*** Opening of Data extract ***
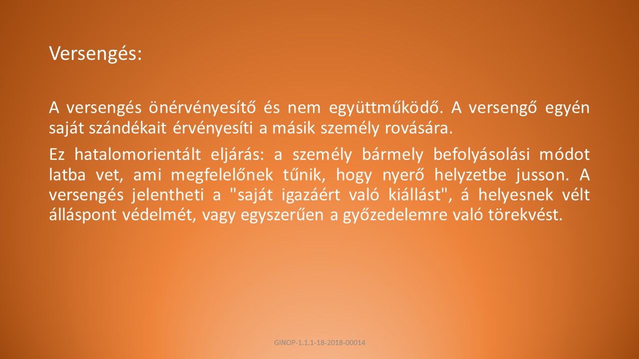 B, A versengés önérvényesítő és nem együttműködő. A versengő egyén saját szándékait érvényesíti a másik személy rovására.
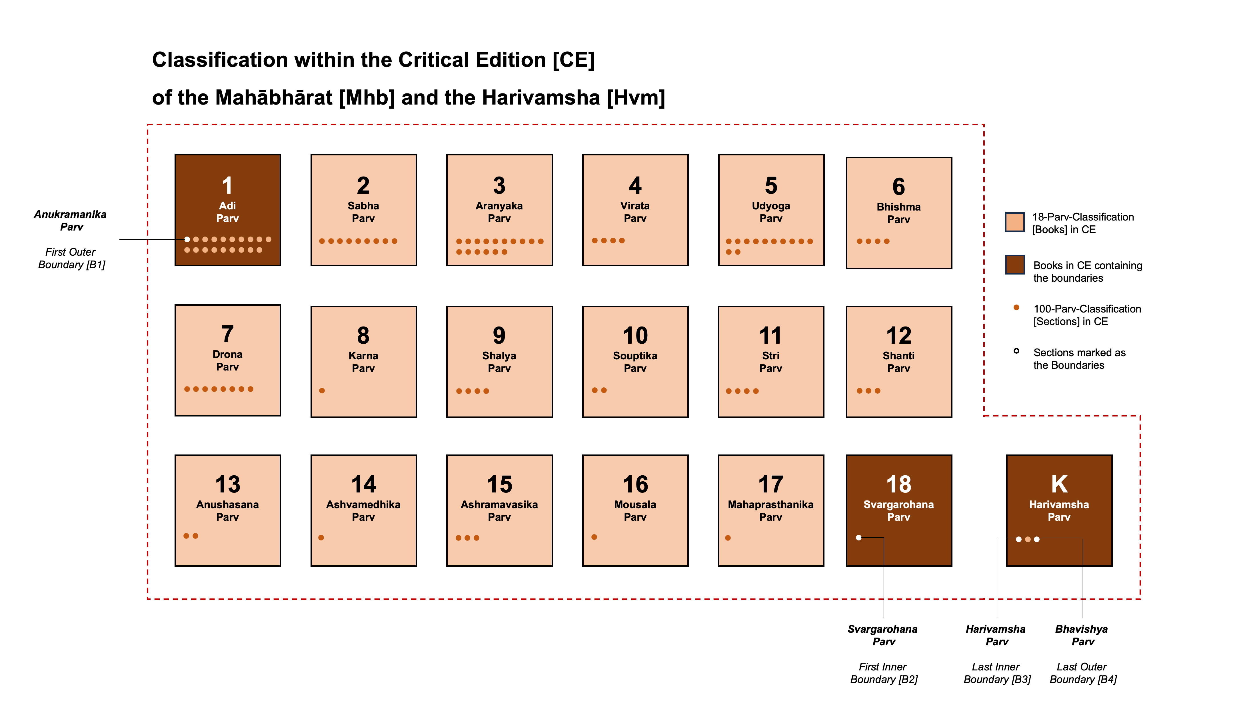 Mhb CE's table of contents showcases 18-Parv-classification [what we will refer to as Books] and 100-Parv-classification [what I am referring to as Sections]. It is important to note that Mhb CE only kept 98 sections of 100 that were supposed to be there.
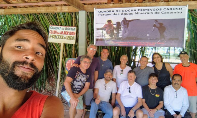 Os jogadores de bocha de São Lourenço com os frequentadores da Quadra de Bocha Domingos Caruso, em Caxambu
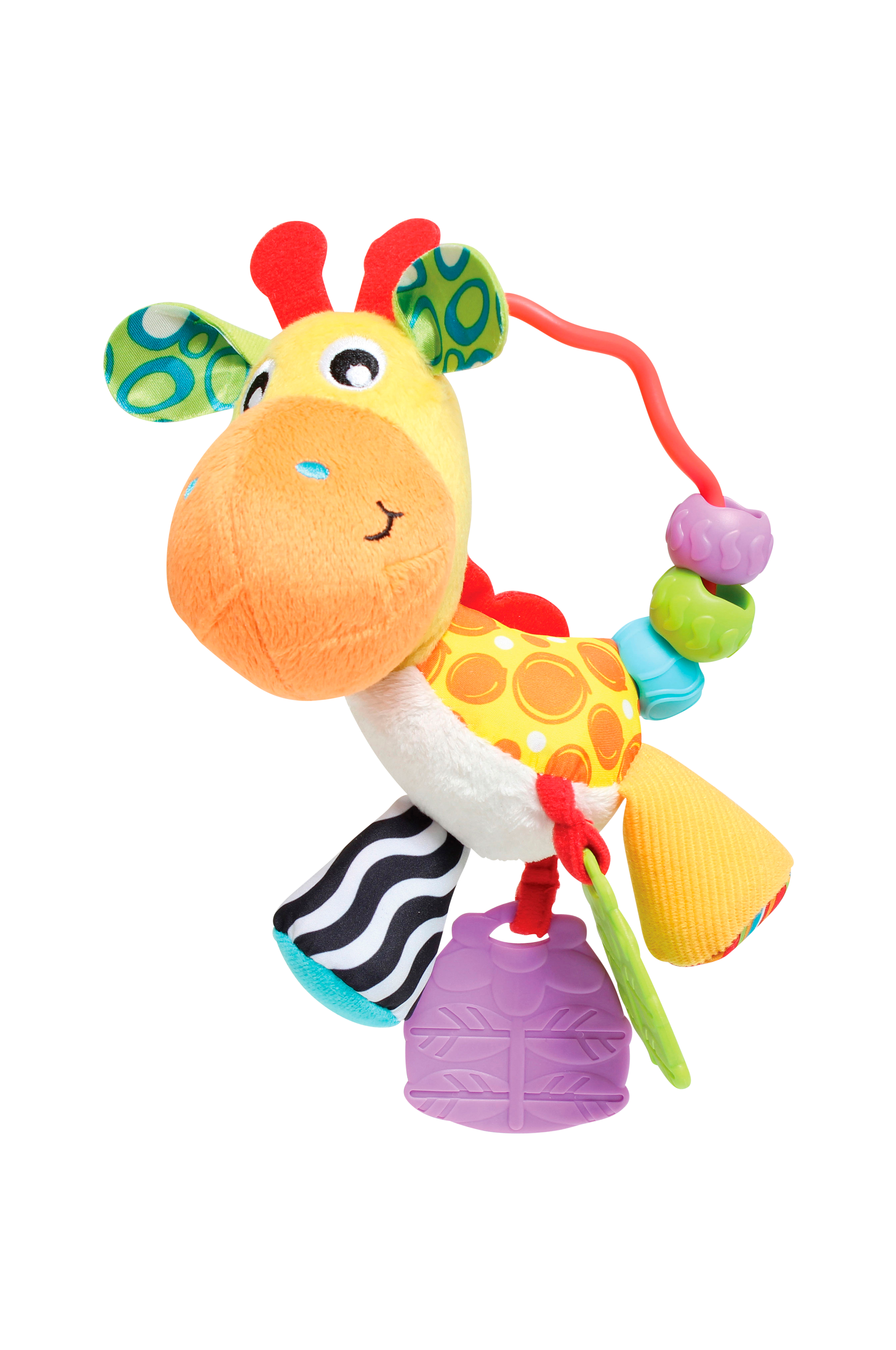 Blød legetøjsgiraf i glade farver og med aktiviteter og bidelegetøj.
*** Close of Data extract ***
→ Goal of the exercise: Exactly the lines running from the one with "Os jogadores de" through the end of the listing above must be output, both ends included. No pictures belong in the output.

→ Output below:
 Os jogadores de bocha de São Lourenço com os frequentadores da Quadra de Bocha Domingos Caruso, em Caxambu
 Blød legetøjsgiraf i glade farver og med aktiviteter og bidelegetøj.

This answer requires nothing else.